Dalam persoalan ini, aparat pemerintah justru yang harus mempertanggungjawabkan terhadap kebijakan yang dilakukan kepada kelompok Ahmadiyah. Bahwa dalam persoalan ini mengganggu ekspresi keberagamaan seseorang. Lantas dengan persoalan teologi yang bertentangan dengan Islam mayoritas Muslim lainnya. Dua ranah yang berbeda yang harus dipahami dan sikap yang paling penting menghargai keberagamaan orang lain.

Kelompok Ahmadiyah selalu menerima perlakuan kurang baik dari beberapa oknum. Bahkan di telinga kita, mendengar kata “Ahmadiyah” saja seperti mengernyitkan dahi. Lalu sikap tersebut berdampak pada perilaku yang kerap kali tidak mengenakkan.

Persoalannya tidak hanya pada keterbukaan mindset untuk menerima kelompok Ahmadiyah bagian dari bangsa Indonesia yang memiliki kebebasan untuk memeluk agama. Akan tetapi penolakan secara final bahwa kelompok Ahmadiyah sesat, menyimpang dari ajaran Islam, justru hal itu yang membuat nalar kita berfikir bahwa kelompok Ahmadiyah sah-sah saja ketika diperlakukan tidak baik, diusir dari tanah kelahirannya.

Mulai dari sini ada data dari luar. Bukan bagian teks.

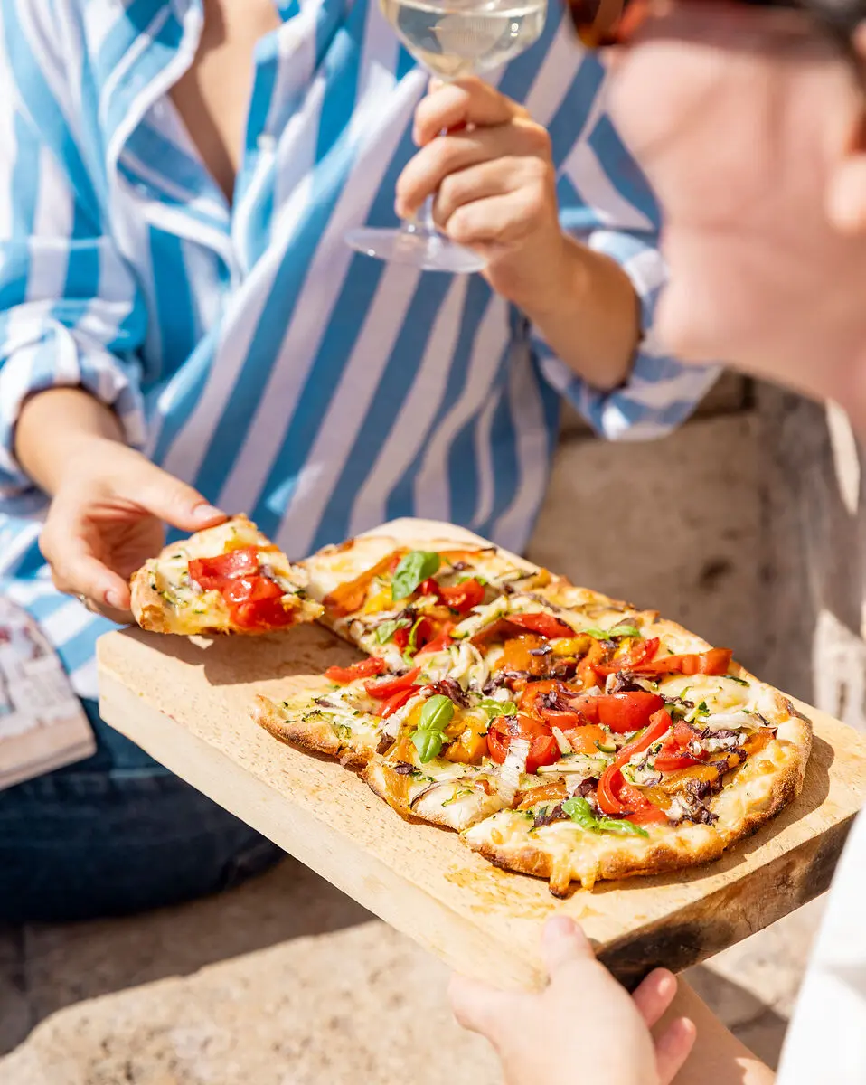 Notre Pinsa est préparée avec de la Pasta Madre, c'est-à-dire du levain, afin d'en extraire encore plus d'arôme. Elle est encore préparée à la main. La pâte peut lever pendant 72 heures, puis la Pinsa est cuite dans un four traditionnel en pierre. Elle devient ainsi croustillante et bien dorée.

Padahal seharusnya pola pikir yang terbangun berdasar pada konsesus dalam pada 29 UUD 1945 yang menyatakan bahwa negara berdasar atas Ketuhanan Yang Maha Esa dan negara menjamin kemerdekaan tiap-tiap penduduk untuk memeluk agamanya masing-masing dan untuk beribadah menurut agamanya dan kepercayaannya itu.

Konsep Teologi Ahmadiyah

Pertentangan dalam konsep teologi tentu sering terjadi. Jika menilik pada ajaran-ajaran yang lain, seperti misalnya Kristen. Kita memahami bahwa Yesus (red:Nabi Isa) bagi umat Muslim adalah utusan Allah, tidak lebih daripada itu, bahkan menjadi kafir hukumnya apabila ada seorang Muslim mengatakan bahwa Nabi Isa adalah Tuhan.

BACA JUGA  Perceraian: Jalan Terbaik Perempuan Keluar dari Lingkaran Setan Terorisme

Berbeda dengan konsep teologi umat Kristen, yang menganggap bahwa Yesus adalah adalah Tuhan. Kedua agama ini justru memiliki konsep teologi berbeda. Lalu, apakah kita sebagai umat Muslim akan menghukumi kafir? Secara konsep teologi Islam, maka orang yang tidak percaya kepada Allah adalah kafir.

Mungkin contoh diatas terlalu melebar, sebab keduanya adalah agama yang berbeda. Sedangkan pada konsep teologi Ahmadiyah jika dibandingkan dengan NU, Muhammadiyah dan organisasi Islam lainnya, secara teologi mereka bertuhan kepada Allah Swt.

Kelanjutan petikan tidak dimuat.